山長被侍從小心地背了起來,匆匆朝山長房間走去。

待回到房間時,老大夫已然提著藥箱趕至。見眾人將房間圍得密不透風,老大夫臉色一黑,沈聲道:“行了,這裏沒你們什麽事了,都別擠在這兒礙手礙腳。” 山長年歲已高,這一摔著實兇險,萬一情況不妙,恐有性命之憂。映雪心中忍不住擔憂起來,雖她與山長素不相識,但對山長的學識卻極為敬佩。於是,她朝老大夫拱手道:“老大夫,小子不才,也略通一些岐黃之術,不知能否留下來給您打個下手?” 老大夫聞言,犀利的眼神瞬間射向映雪,仿佛要將她看穿一般。映雪卻紋絲不動,坦然迎接著老大夫的審視。片刻後,老大夫道:“行,你留下。” 映雪這才心神一松。蘇璟皓見狀,輕輕拉了拉映雪的袖子,眼神中滿是擔憂。他深知墨大夫脾氣古怪,有時連山長的話都不聽,怕妹妹不小心惹怒於他。映雪微微搖頭,示意蘇璟皓放心。墨大夫突然冷臉道:“要出去就趕緊。” 說罷,蘇璟皓和其他學子只得退了出去。

屋內,只剩下昏迷不醒的山長、侍從、墨大夫、映雪以及竹清。

墨大夫見眾人離去,並未與映雪搭話,徑直走向床邊,提起山長的手臂,專註地把起脈來。時間緩緩流逝,墨大夫的臉色愈發難看。映雪見狀,忍不住問道:“山長可是有中風之兆?” 墨大夫猛地看向映雪,神情嚴肅,審視著她道:“小丫頭,你到底是什麽人?” 映雪聞言,臉色驟變,既已被揭穿,便唯有坦誠相告,心虛地說道:“我是永安侯之女。”

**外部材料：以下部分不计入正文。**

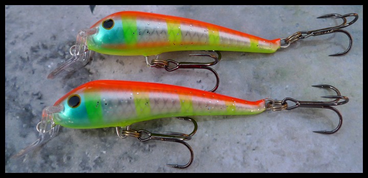 noniin tämmönen paranneltu versio tomidasta pituutta 17cm ja paino siinä 75g tienoilla. kalaakin jo saatu ja keskiviikkona kokopäivän testiin. malli ns. "hitaasti kelluva" ja ui tarvittaessa aivan pintakalvossa. veikkaisin että näyttää kyntensä kylmässä vedessä.
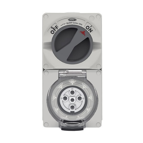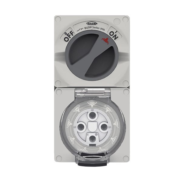 - Buffalo offers an extensive range of IP66 rated Combination Switched Sockets that are available in three-pin 10A to 32A, four-pin 10A to 50A and five-pin 10A to 50A designs. Phase links are factory fitted between switches and sockets. Small Single phase Flat pin - 10A to 20A Size 1 Single & Three Phase - 10A- 20A Size 2 Single & Three Phase - 32A - 50A Heavy Duty terminals are standard on all products with Double Pole switching option as standard on 3 pin products. The combination switch handle has two padlocking facilities (Oval Shape 11 x 9mm) so equipment can be safely isolated. Switch is provided with LED fitment option (not supplied). Combination sockets feature a clear dustproof & hoseproof flap allowing simple viewing of sockets. The flap is also provided with a reliable spring-tensioned latch to keep dust & liquids out. Part bag contains twin screwed connector.-
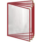 Present your menu offerings in style with this H. Risch, Inc. TE-10V Deluxe Sewn 8 1/2" x 11" black 10 view vinyl menu cover with gold decorative corners and gloss finish! With a colorful leatherette trim, this menu cover promotes a professional appearance in any setting. Its five pockets accommodate ten 8 1/2" x 11" inserts, making it perfect for presenting your signature dishes, happy hour specials, wine lists, or dessert menus. Plus, if your menu changes frequently, the inserts can be removed and replaced within seconds.

墨大夫的防備瞬間如潮水般退去,隨後眼神一亮,追問道:“你是慧敏郡主?聽說你偶得一本秘方,此事是真的?” 映雪先是點頭,又接著搖頭,道:“我是,沒有。” 接著解釋道:“我只是偶得一位奇怪的老爺爺指點,並沒有什麽秘方。” 玉佩之事至關重大,映雪深知不能向任何人透露。墨大夫聞言,頗感失望,接著便憂心忡忡地說道:“山長確實有中風之象,此次怕是極為棘手,山長頭部有瘀血堵塞,導致氣血不通,若是短時間內無法改善,會有生命危險。”說罷,便嘆了聲氣,吩咐侍從道,“你去通知山長家眷吧。”

侍從被驚得臉色慘白。

映雪想起她曾在秘方中看到的類似病情,遂開口問道:“為何不能通過針灸之術,將瘀血排出?再加以湯藥調理呢?” 墨大夫聞言,瞬間目光如熾熱的火焰般緊緊盯著映雪,急切問道:“這也是那位老爺爺教你的?” 映雪輕輕頷首。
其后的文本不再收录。